DynaPDFParserMBS.Constructor(PDF as DynaPDFMBS, OptimizeFlags as Integer = 0, OptimizeParams as DynaPDFOptimizeParamsMBS = nil)

Type Topic Plugin Version macOS Windows Linux iOS Targets
method DynaPDF MBS DynaPDF Plugin 24.0 ✅ Yes ✅ Yes ✅ Yes ✅ Yes All
The constructor.

The function creates a parser context that can be used to edit and extract text, or do delete arbitrary operators of a page.

The content parser is used by Optimize() too. Therefore, the same flags and optimization parameters are supported. Please have a look at Optimize() for a description of the available flags and parameters. The parameter OptimizeParams can be set to nil and OptimizeFlags to kofDefault if nothing special should be achieved.

The flags and parameters for optimize are kept in properties for later review in debugger.

Raises exception in case creating the context fails.

DynaPDFParserMBS.DeleteText(area as DynaPDFRectMBS) as Boolean

Type Topic Plugin Version macOS Windows Linux iOS Targets
method DynaPDF MBS DynaPDF Plugin 24.0 ✅ Yes ✅ Yes ✅ Yes ✅ Yes All
Deletes text in the area.
Example
Dim pdf As New MyDynapdfMBS
... load some PDF

Dim count As Integer = pdf.GetPageCount
Dim Parser As New DynaPDFParserMBS(pdf)
Dim ContentParsingFlags As Integer = DynaPDFParserMBS.kcpfEnableTextSelection

For i As Integer = 1 To count

If parser.ParsePage(i, ContentParsingFlags) Then

// rectangle at 200x200 with 200x200 size
Dim area As New DynaPDFRectMBS(200, 200+200, 200+200, 200)
Dim needWrite As Boolean = parser.DeleteText(area)

If needWrite Then
Call Parser.WriteToPage
End If
End If

next

The function deletes every glyph or character that touches or lies inside the rectangle Area.

Area must be defined as if the page would be viewed in a PDF viewer. That means in bottom up coordinates and the orientation must be considered (see Orientation in DynaPDFPageMBS class). The width and height of a page must be calculated from the crop box if set, or from the media box otherwise (see BBox() in DynaPDFPageMBS class). Note also that the width and height must be exchanged if the orientation is 90, -90, 270, or -270 degrees.
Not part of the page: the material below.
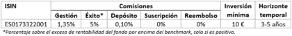 En el siguiente cuadro, te facilito los datos de identificación del fondo y el resumen de sus condiciones: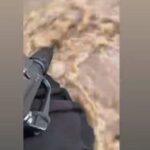 Fusiles y mochilas en manos, se aferran a las paredes de la verja perimetral, para no ser arrastrados por las embravecidas aguas desbordadas del río Dajabón.

Note that this function deletes text only. Text can also occur in form of images or vector graphics. There are no functions yet to identify and delete text in such objects.

If the function succeeds the return value is true. If the function fails the return value is false.

DynaPDFParserMBS.ExtractText(TextExtractionFlags as Integer, byref Text as String, area as DynaPDFRectMBS = nil) as Boolean

Type Topic Plugin Version macOS Windows Linux iOS Targets
method DynaPDF MBS DynaPDF Plugin 24.0 ✅ Yes ✅ Yes ✅ Yes ✅ Yes All
Extracts text from parser.

The function extracts the text of a page with the same algorithm that FindText() uses to find text on a page. In order to get exactly the same result the flag ktefSortTextX must be set.

The function ExtractText() of the PDF instance calles in fact this function internally.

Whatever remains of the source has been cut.